I am trying to assess the feasibility of running Phabricator software on a shared host. I come with no experience of the software. I have, however, investigated the topic, and I acknowledge that the documentation discourages such deployments. A shared hosting solution is the only kind available to me, though, at this time, and I so wish to understand the particular obstacles and how to overcome them. I note that shared hosting services generally offer a LAMP stack, on which Phabricator is built, and as such services generally also supply a variety of tools intended specifically to work around the potential problems with sharing a host, most applications based on a LAMP stack will run on a shared host.
Currently, I am hampered by the curious design choice to use more than one database for the application suite, and moreover, to use a large number, the value of which is not predetermined or fixed.
I am considering the following statements from the documentation (emphasis added).
Phabricator uses about 60 databases (and we may have added more by the time you read this document).

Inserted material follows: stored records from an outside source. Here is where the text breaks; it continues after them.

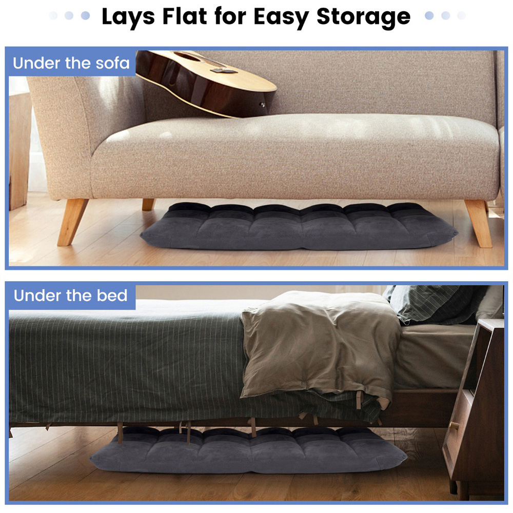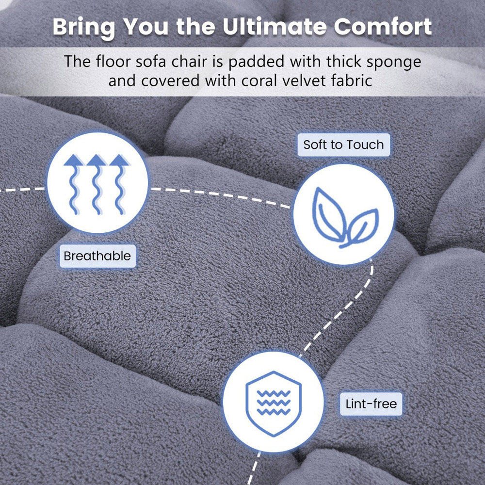 Settle in for victory with the next-level design of the Costway Grey Coral Velvet Floor Gaming Chair with Adjustable Back. This floor chair offers a 14-position adjustable backrest, allowing you to easily customise the angle from 0 to 84 degrees to suit your needs. The solid, flexible steel adjuster ensures smooth and effortless operation every time. Filled with ultra-thick, high-density sponge, this chair provides reliable and comfortable support. The soft coral velvet cover is skin-friendly and adds a warm touch for extra cosiness. Its sturdy frame is made of heavy-duty steel and supports up to 90kg. Plus, the base of the chair is protected with non-slip and wear-resistant 300D Oxford cloth for long-lasting use. This versatile chair fits any setting, making it perfect for meditation, reading, watching TV, and playing games. Best of all, it requires no assembly. Simply unpack and start using it. When not in use, the chair easily folds flat for convenient storage under a bed or sofa.
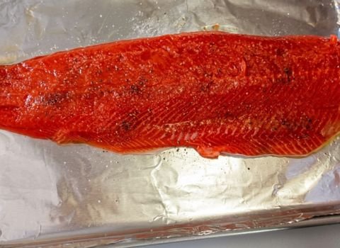 Take your sockeye salmon out of the package. Rinse it under cool tap water to wash off any ice or residue. Pat it very dry with clean paper towels. This step is important because dry salmon cooks better. Line a baking sheet with foil, then place the salmon on top with the skin side down.
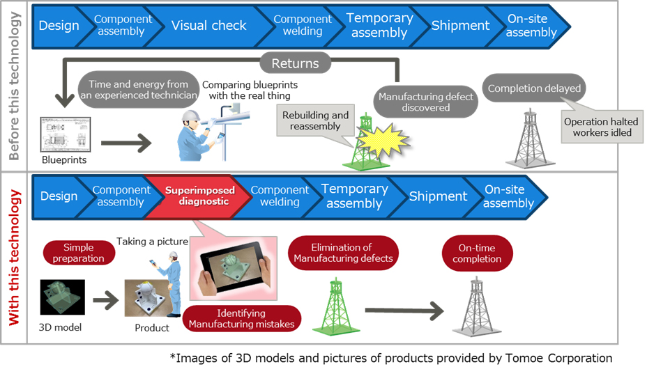 By superimposing 3D blueprints (STL files) over pictures of manufactured components taken with such devices as smartphones or tablets, the user is easily able to find if there are any differences. Because the diagnostic for each component will be completed in a few minutes, it enables diagnoses for all components, which was previously difficult due to time restrictions and other issues. In addition, the system enables early detection of manufacturing defects, eliminating the need to send items back during temporary assembly operations.
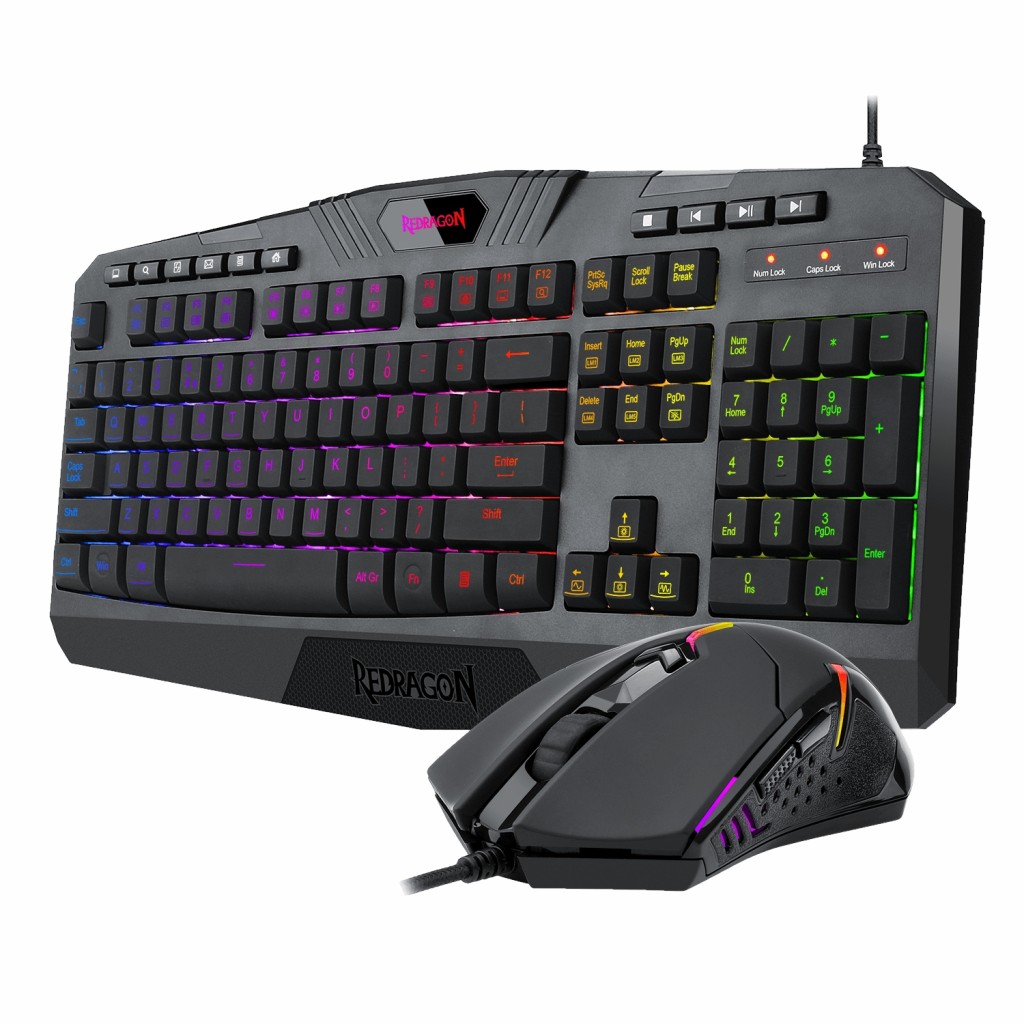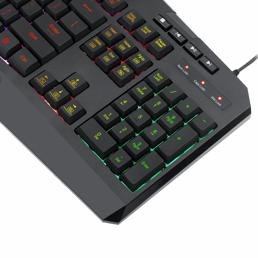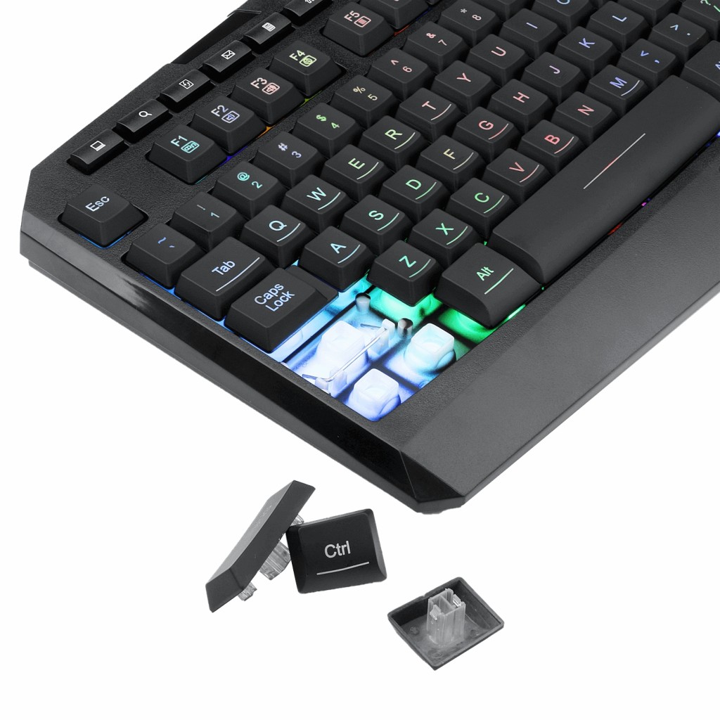 یکی از ویژگیهای برجسته کیبورد موجود در این باندل، بهرهمندی از چیدمان کامل یا Full-size است. برخلاف مدلهای فشرده، این کیبورد دارای 104 کلید استاندارد است که تمامی بخشهای مورد نیاز کاربر، از جمله بخش اعداد (Numpad) را شامل میشود. وجود این بخش برای کاربرانی که علاوه بر بازی، به فعالیتهای محاسباتی، حسابداری یا وارد کردن دادهها مشغول هستند، یک مزیت بزرگ محسوب میشود. بدنه کیبورد از پلاستیک فشرده باکیفیت ساخته شده است که در برابر ضربات ناشی از هیجانات بازی مقاومت خوبی نشان میدهد. فاصله مناسب بین کلیدها نیز باعث شده تا خطای تایپی به حداقل برسد و کاربر بتواند با سرعت بالایی متون خود را تایپ کند. همچنین ویژگی هایی مانند نورپردازی RGB، قابلیت Key rollover همراه با 26 کلید بدون تداخل عملکرد و 4 کلید کنترل مدیا و 6 کلید ماکرو، این کیبورد را برای بازی های RTS، FPS یا MMO ایده آل نموده است

This sometimes comes as a surprise, since you might assume it would only use one database.
A cost of this approach is that it makes Phabricator more difficult to install on shared hosts which require a lot of work to create or authorize access to each database. However, Phabricator does a lot of advanced or complex things which are difficult to configure or manage on shared hosts, and we don’t recommend installing it on a shared host. The install documentation explicitly discourages installing on shared hosts.
Such explanation appears to be in direct conflict with the below appraisal, also taken from the documentation.
In almost all cases, creating more databases has zero cost, just like organizing source code into directories has zero cost. Even if we didn’t derive enormous benefits from this approach at scale, there is little reason not to organize storage like this.
Lack of support for shared hosts, as already acknowledged, plainly is a cost. In this case, the cost is greater than zero.
I would also suggest that the design of utilizing an unbounded number of databases for a single application suite has numerous further costs. A few of them are the following:
- Cluttering top-level namespace of a database cluster.
- Possibility of namespace collisions with databases used by other applications or application suites.
- Administrative overhead of separately provisioning permissions and other attributes of an undefined number of databases, rather than of one.
- Impracticability of protecting unrelated databases on the cluster from malfunctions in the application.
- Difficulty of cleaning a system of the databases used by the application, without relying on a functional installation of the application to automate the cleanup process, compared to simply removing the single database manually. Having the ability to effect such cleaning is particularly necessary in cases where a functional installation no longer exists.
- Violation of firmly established design principles, on which database management systems like MySQL are based. As such, the DBMS and other components may make assumptions following this principle, creating conflicts with any application that violates it. Such conflicts may occur even if their possibility is not apparent at the time the design choice is made.
However, more than wanting to rant on my own response to this design choice, I would really like to know whether any workaround is available that makes it possible to use the software on a shared host that does not permit applications to add databases.
Is any configuration mode available in which all the applications in the Phabricator suite create tables in a pre-existing database?